Filgotinib appeared effective as a maintenance treatment for moderate to severe ulcerative colitis, with higher rates of 6-month corticosteroid-free remission compared with placebo.

The SELECTION study, which was presented at virtual Digestive Disease Week, included 664 patients who were randomized to receive either 100 mg or 200 mg filgotinib or placebo. Analysis of the efficacy of the treatment only included the 558 patients who received the treatment during the induction phase of the study. About 40% of patients were biologic experienced.

Clinical remission at Week 58 served as the primary endpoint and was defined by a Mayo endoscopic subscore of 1 or less, rectal bleeding subscore of 0, and 1-pt or greater decrease in stool frequency subscore (SFS) from baseline and SFS of 1 or less. 

More patients achieved clinical remission in both the 200 mg filgotinib group (37.2% vs 11.2%, P < .025) and the 100 mg group (23.8 vs 13.5%, P < .05). compared with placebo. 

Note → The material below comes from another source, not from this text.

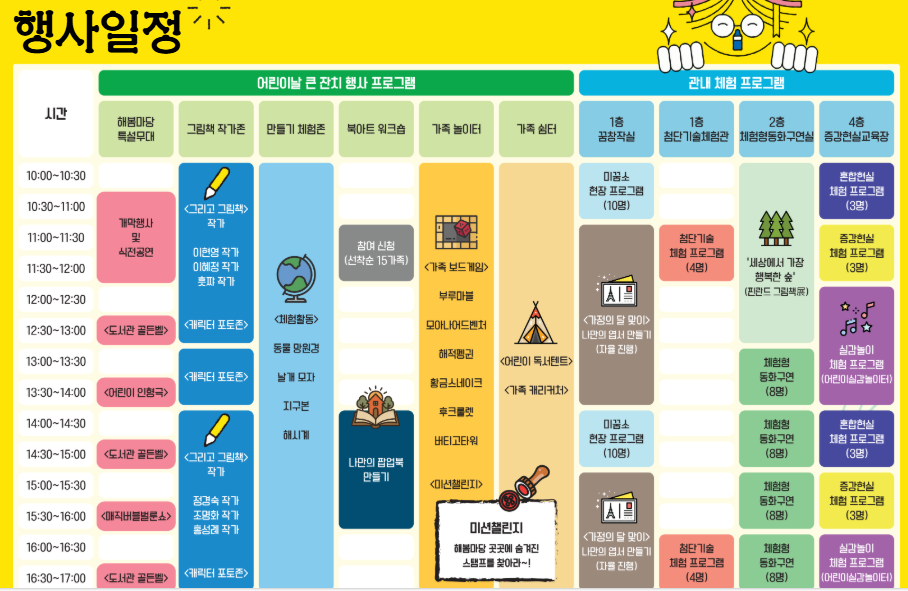 - 주요 프로그램: 책과 떠나는 신나는 모험을 주제로 한 다양한 독서 체험 스토리텔링, 만들기 체험 등

Overall, 27.2% of patients in the 200 mg group and 13.6% of patients in the 100 mg group achieved 6-month corticosteroid-free clinical remission.

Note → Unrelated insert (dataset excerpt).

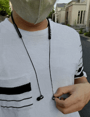 - 新素材の形状記憶合金ネックバンドが振動でお知らせ!わずか27gのイヤホンを首に掛けるだけ!
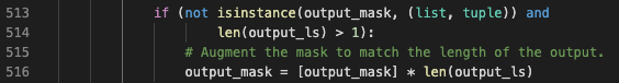但是有一个问题,就是当输出是多个tensor时,需要每个tensor有一个mask。这段代码就是做这件事儿的。为什么不用一个呢?

In reviewing the safety data, the authors noted that adverse events, serious adverse events, and discontinuations due to adverse events were similar across all the treatment arms, while serious infection and herpes zoster infection were infrequent. No opportunistic infections were reported, and there were no venous thromboses. Two patients in the higher dose arm died from asthma exacerbation and left ventricular failure, respectively, though the researchers determined neither death was related to the drug.